C’est là qu’interviennent les nouvelles découvertes. Comme l’une des formes symétriques transmet plus efficacement les électrons d’un spin donné vers son bord, elle peut s’aligner plus efficacement avec une surface qui contient les deux orientations magnétiques. Les chercheurs ont également observé que lorsqu’une molécule chirale biologique entre en contact avec une surface métallique, les différences magnétiques entre ses formes symétriques sont amplifiées – potentiellement suffisamment pour garantir que seule une forme s’accumule.

 

Les roches anciennes riches en fer de la région de Pilbara, dans le nord-ouest de l'Australie.
Les roches anciennes riches en fer de la région de Pilbara, dans le nord-ouest de l’Australie. La vie sur Terre aurait pu apparaître pour la première fois sur des surfaces magnétiques au fond de lacs primitifs. Photo : Shutterstock

Dans le cas de la molécule d’ARN primitive, la forme dextrogyre semble avoir été privilégiée. Cet avantage physique en a fait la norme pour toutes les molécules d’ARN présentes dans la nature. Or, les protéines sont synthétisées à partir de l’ARN selon un processus qui préserve la relation de chiralité ; ainsi, si toutes les molécules d’ARN sont dextrogyres, toutes les protéines finiront par être lévogyres.

Ainsi, ces nouvelles découvertes contribuent non seulement à résoudre un mystère vieux de 150 ans, mais viennent également étayer l’hypothèse selon laquelle la vie sur Terre pourrait avoir pris naissance sur les surfaces de minéraux magnétiques au fond d’anciens lacs.

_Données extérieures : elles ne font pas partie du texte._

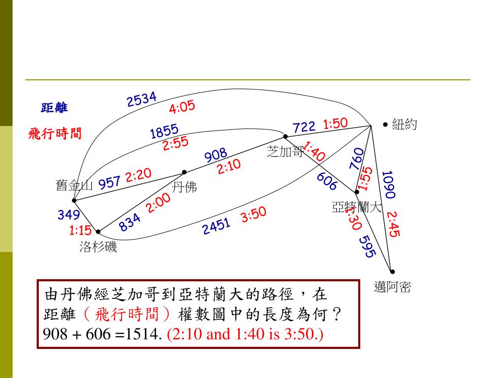 2534 距離 4:05 1:50 紐約 722 1855 飛行時間 芝加哥 2:55 1:40 908 760 2:10 丹佛 2:20 1:55 606 957 舊金山 1090 亞特蘭大 2:00 3:50 349 1:30 834 2:45 2451 1:15 洛杉磯 595 邁阿密 由丹佛經芝加哥到亞特蘭大的路徑,在 距離(飛行時間)權數圖中的長度為何? 908 + 606 =1514. (2:10 and 1:40 is 3:50.)
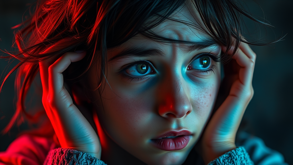 A close-up image of an anxious young woman with untamed hair, her hands pressed against her temples, gazing into the distance with a thoughtful expression, enhanced by vivid digital hues that add depth and emotion to the scene.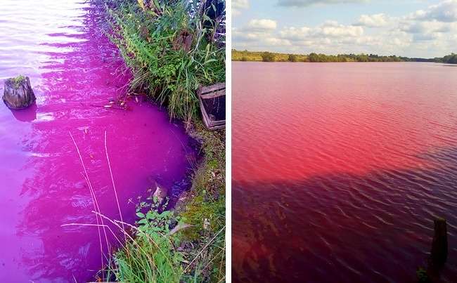 ▼8.大氣成分變化導致酸雨,進而污染土地和水庫,俄羅斯一處水庫就呈現異常的粉色。

Aujourd’hui, ce processus de sélection primordial peut être reproduit en laboratoire au profit de l’humanité. « Dans les réactions biologiques, la forme spécifique en image miroir est cruciale », explique le professeur Naaman. « L’utilisation de la mauvaise forme dans les processus industriels peut s’avérer inefficace au mieux et nocive au pire, tant pour la santé humaine que pour l’environnement. D’après nos résultats, des surfaces magnétiques pourraient être utilisées pour garantir, avec une précision sans précédent, que seule la forme chirale souhaitée cristallise pendant la production. Cela pourrait conduire au développement de médicaments, d’engrais et de pesticides plus sûrs et plus efficaces. »

 

La Science en Chiffres

La plage de températures dans laquelle les molécules chirales sélectionnent efficacement des électrons présentant un spin spécifique se situe entre 60 et 80 °C. Cette plage correspond aux températures estimées au fond des lacs anciens considérés comme le berceau de la vie sur Terre.